Work order:
Your answer must be only the lines below from the one containing "Продукция общественного питания" through the one containing "Altus Plateau 에 있는", copied exactly, with the pictures left out.

Record excerpts:
▬▬▬▬▬▬

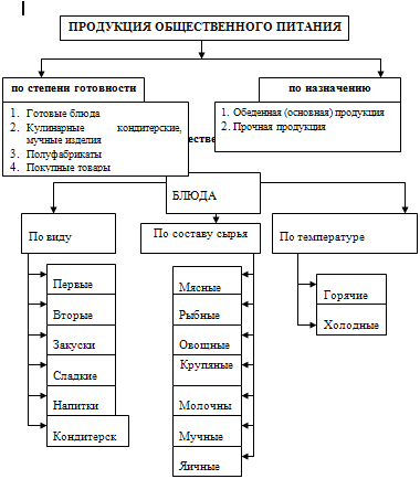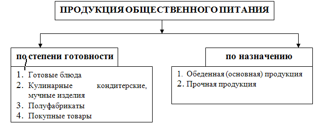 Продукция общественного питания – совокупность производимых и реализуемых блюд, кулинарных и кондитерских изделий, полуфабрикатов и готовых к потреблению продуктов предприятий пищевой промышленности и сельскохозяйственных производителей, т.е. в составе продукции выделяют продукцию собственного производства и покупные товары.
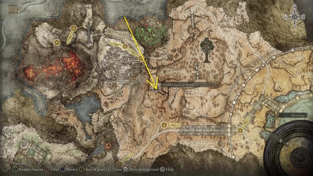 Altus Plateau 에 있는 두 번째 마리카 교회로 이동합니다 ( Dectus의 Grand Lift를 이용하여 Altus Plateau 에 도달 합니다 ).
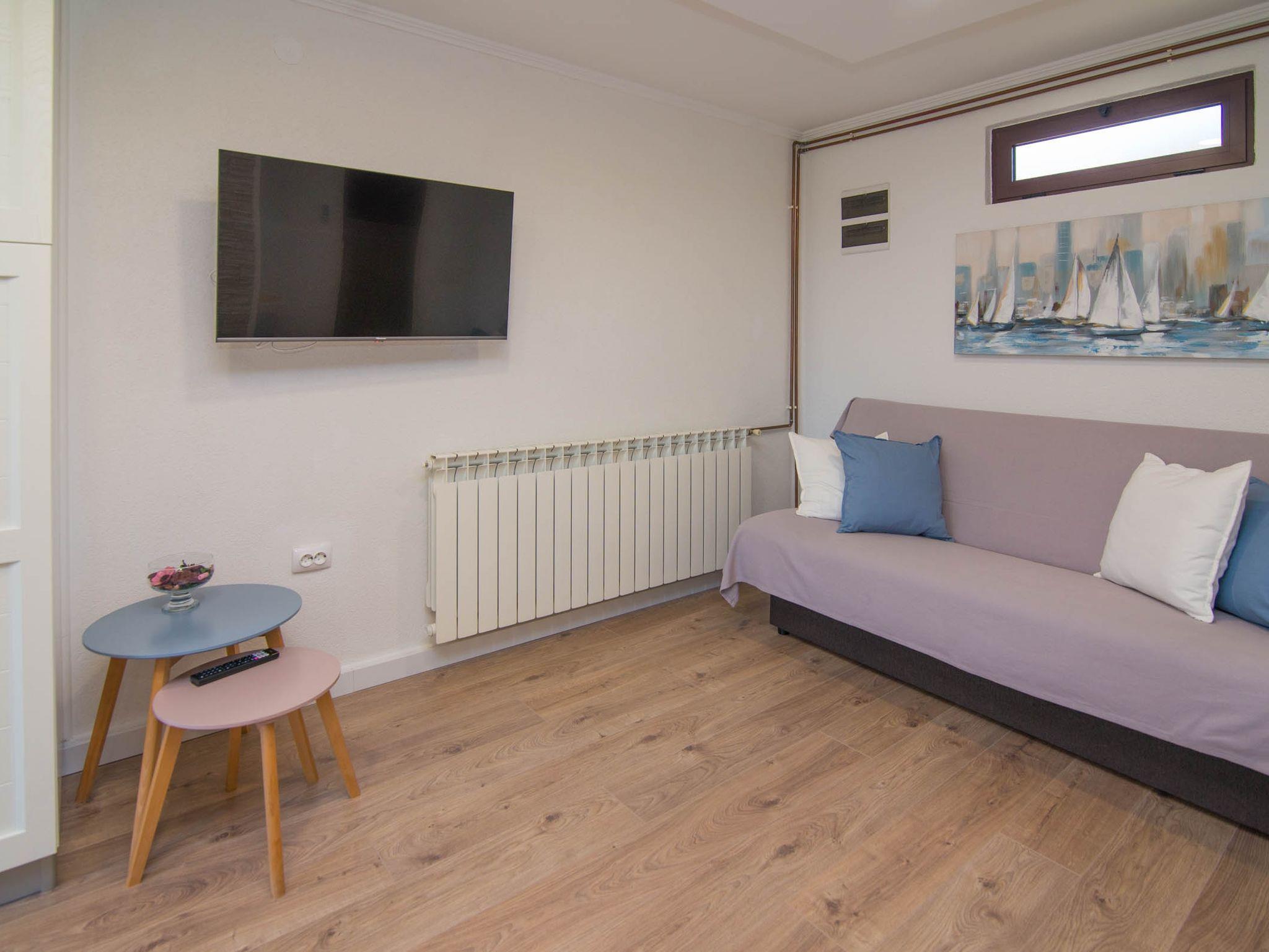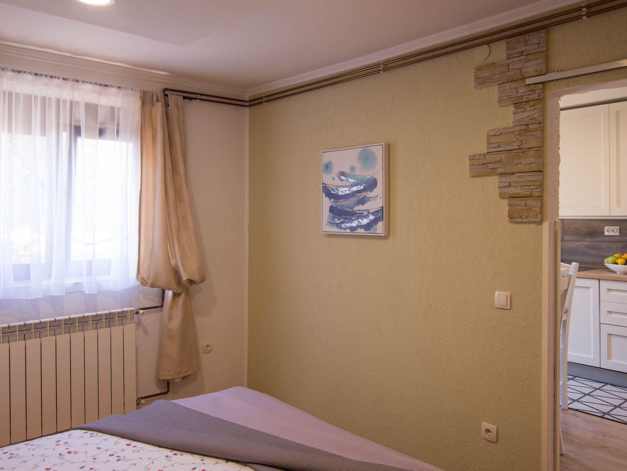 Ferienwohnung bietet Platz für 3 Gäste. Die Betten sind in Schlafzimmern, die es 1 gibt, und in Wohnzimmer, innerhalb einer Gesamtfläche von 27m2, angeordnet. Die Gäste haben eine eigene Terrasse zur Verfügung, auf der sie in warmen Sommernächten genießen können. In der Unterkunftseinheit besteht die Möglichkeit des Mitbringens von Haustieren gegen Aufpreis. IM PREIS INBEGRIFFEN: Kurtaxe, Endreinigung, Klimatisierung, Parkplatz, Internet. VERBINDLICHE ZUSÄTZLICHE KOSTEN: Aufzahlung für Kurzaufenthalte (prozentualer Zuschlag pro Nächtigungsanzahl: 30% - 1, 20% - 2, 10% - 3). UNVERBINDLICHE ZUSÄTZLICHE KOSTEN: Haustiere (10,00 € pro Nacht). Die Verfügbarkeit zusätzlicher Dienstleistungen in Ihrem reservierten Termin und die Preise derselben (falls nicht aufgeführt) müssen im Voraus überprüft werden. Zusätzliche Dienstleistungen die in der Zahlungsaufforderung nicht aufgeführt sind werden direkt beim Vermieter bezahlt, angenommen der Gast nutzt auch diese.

▬▬▬▬▬▬

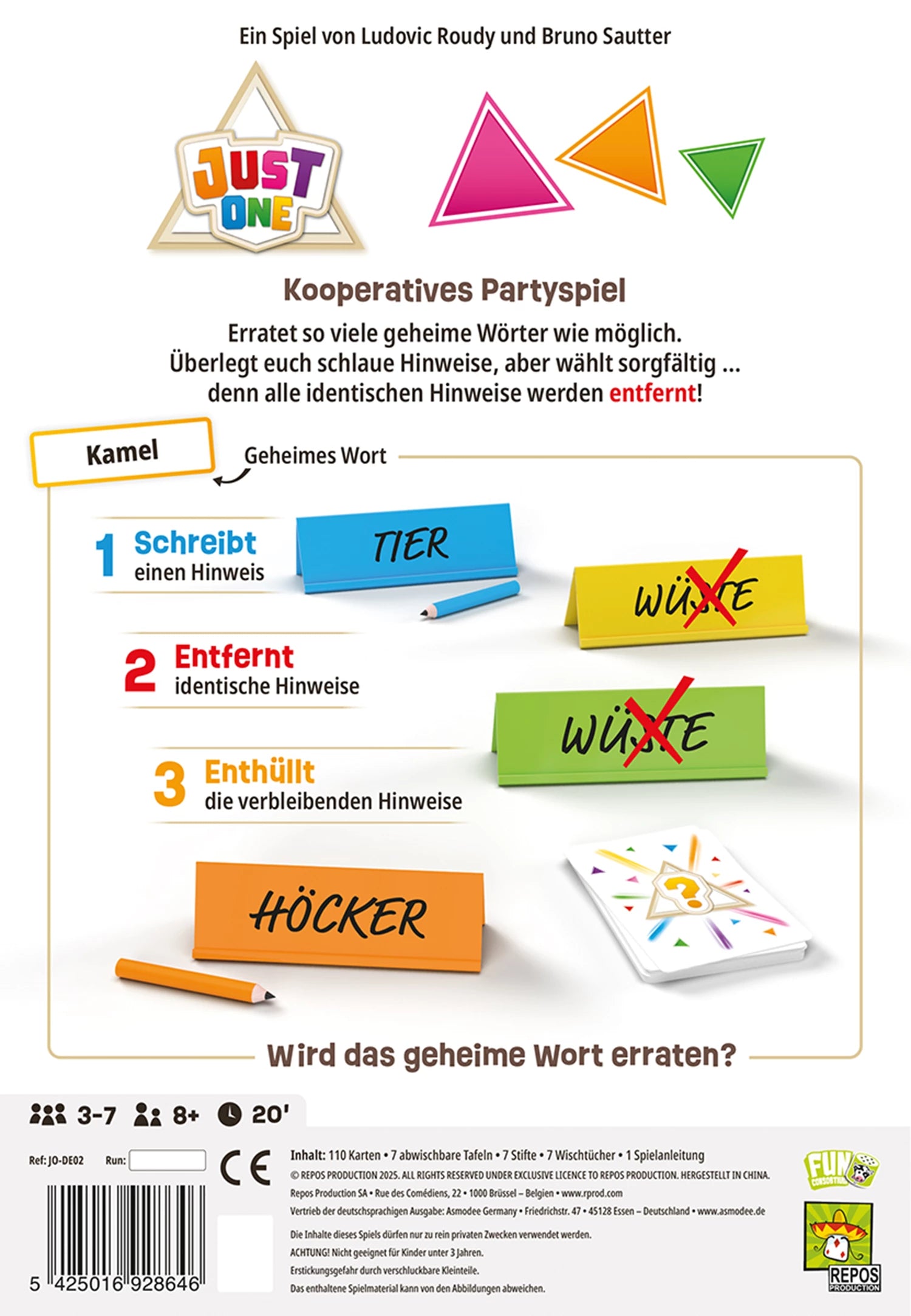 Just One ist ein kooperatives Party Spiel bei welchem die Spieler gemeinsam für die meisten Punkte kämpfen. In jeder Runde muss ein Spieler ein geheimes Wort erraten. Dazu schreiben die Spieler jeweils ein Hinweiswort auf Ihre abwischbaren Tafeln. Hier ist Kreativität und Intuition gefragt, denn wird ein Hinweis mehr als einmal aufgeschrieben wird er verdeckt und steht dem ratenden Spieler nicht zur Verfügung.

▬▬▬▬▬▬

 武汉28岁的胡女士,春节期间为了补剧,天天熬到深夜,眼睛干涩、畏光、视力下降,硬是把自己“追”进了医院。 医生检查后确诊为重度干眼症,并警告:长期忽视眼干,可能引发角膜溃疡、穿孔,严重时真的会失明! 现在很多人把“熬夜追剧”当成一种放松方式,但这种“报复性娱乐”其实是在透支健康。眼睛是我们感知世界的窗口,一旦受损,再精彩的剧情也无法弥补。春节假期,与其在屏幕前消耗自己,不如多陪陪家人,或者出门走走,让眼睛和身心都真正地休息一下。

▬▬▬▬▬▬

Solution for this task:
 Продукция общественного питания – совокупность производимых и реализуемых блюд, кулинарных и кондитерских изделий, полуфабрикатов и готовых к потреблению продуктов предприятий пищевой промышленности и сельскохозяйственных производителей, т.е. в составе продукции выделяют продукцию собственного производства и покупные товары.
 Altus Plateau 에 있는 두 번째 마리카 교회로 이동합니다 ( Dectus의 Grand Lift를 이용하여 Altus Plateau 에 도달 합니다 ).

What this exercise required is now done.